For a company utterly dependent on email, Zendesk came across to me as very naive about email sending.

I did a Zendesk integration shortly after working on a general overhaul of our email at a previous company. The overhaul involved separating out our different types (transactional, marketing, support, etc), and then implementing best practices on deliverability for each of them. Not your day-one email setup, but we were still a small company.

The comparison to Zendesk's approach was astounding. Assuming you don't want to use a Zendesk address (we didn't, customers thought it was dodgy), the email setup they let you do was bad, and their support folks had no idea about any of the details. DKIM, SPF, etc, was all alien to them. Ironically they had pretty bad support in general.

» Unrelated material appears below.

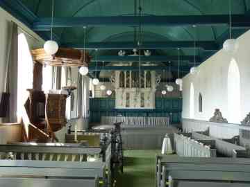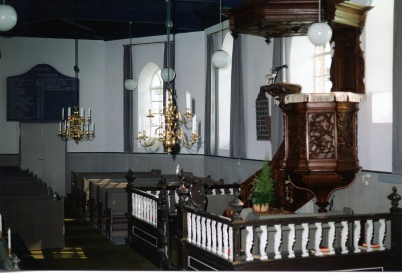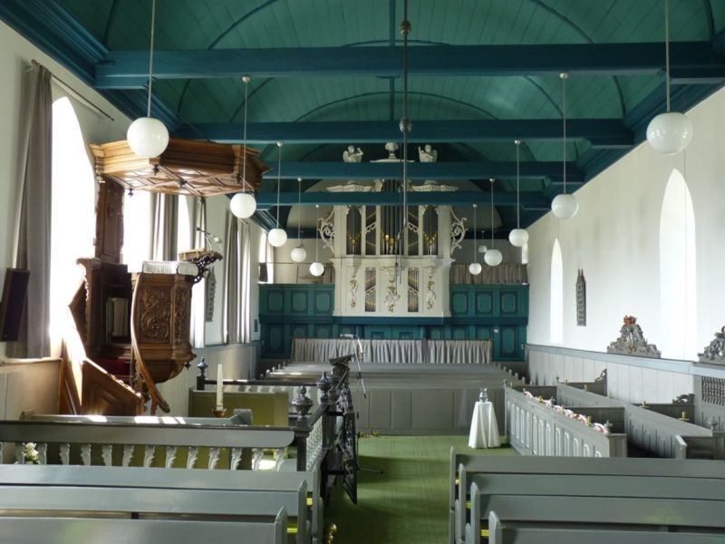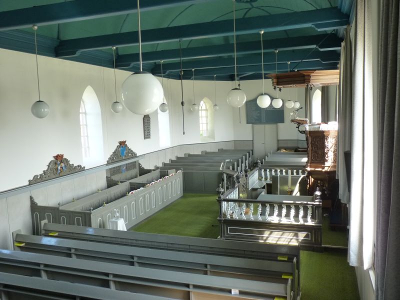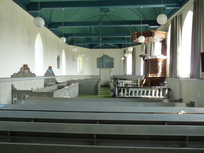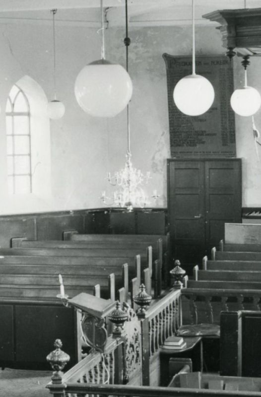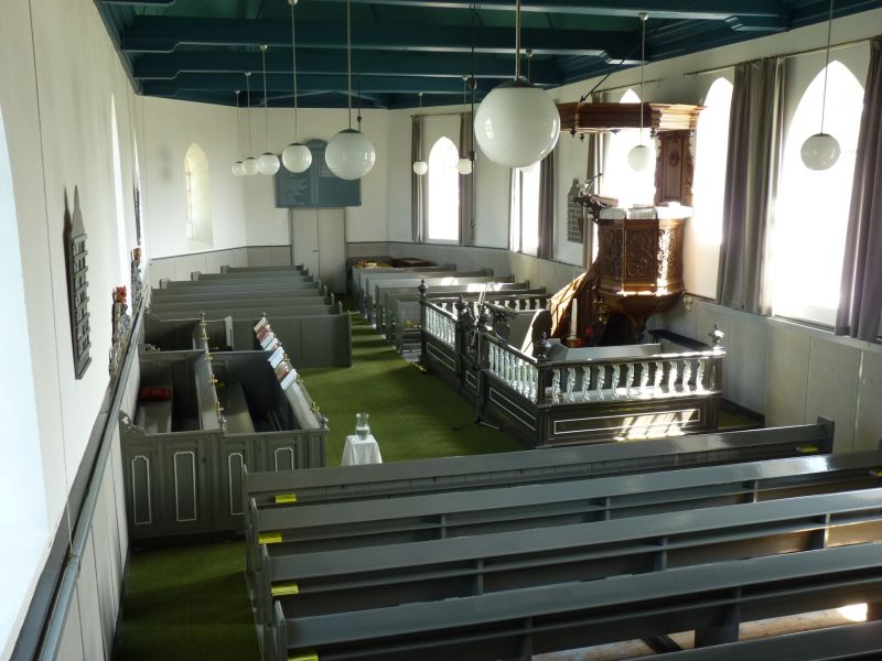 Aan de ingangspartij onder het orgel is nog goed te zien dat oorspronkelijk de zitplaatsen in het schip in twee rijen waren opgesteld; bij de vernieuwing van 1935 is dat veranderd in de huidige opstelling. Ook de herenbanken (voorheen in het koor van de kerk) werden toen verplaatst. Een gedenkteken in de zuidmuur herinnert er nog aan:

treis 2 hours ago | parent | next [-]

I worked at Zendesk on the email team. I think that's just support being support. The core engineers knew what they were doing.

otterley 2 hours ago | parent | next [-]

I transitioned Zendesk from their original Exim-based ingress/egress SMTP services to Postfix and set up all the DKIM and SPF stuff long before there was ever a mail team. I worked regularly with large email providers to ensure our egress CIDR blocks were clean.

I like to think I knew what I was doing. :-)

danpalmer 2 hours ago | parent | prev [-]

That's good to know you knew what you were doing! However the product also didn't appear to expose any of the control we needed to have a good email setup. Maybe this is because we weren't paying enough (mentioned in another reply), but we were also never directed to pay more despite asking for this sort of control.

rpcope1 4 hours ago | parent | prev [-]

> DKIM, SPF, etc, was all alien to them. Ironically they had pretty bad support in general.

So basically good old fashioned "quality" enterprise shitware.

danpalmer 3 hours ago | parent [-]

Not necessarily, our support team kinda loved it. I used the interfaces and it was pretty good software in many ways. They just didn't seem to be very capable when it came to medium complexity email setups. Many of their setup guides literally tell you to log into support address Gmail and set up a forwarding rule to send everything to Zendesk.

I suspect the issue is that we weren't paying enough. We had maybe 10 seats. I bet if you're buying 1000 seats a bunch of Zendesk engineers turn up and configure everything for you, but with the robust email setup needing that engineering time on their side to configure... so I guess in that way it may be Enterprise shitware.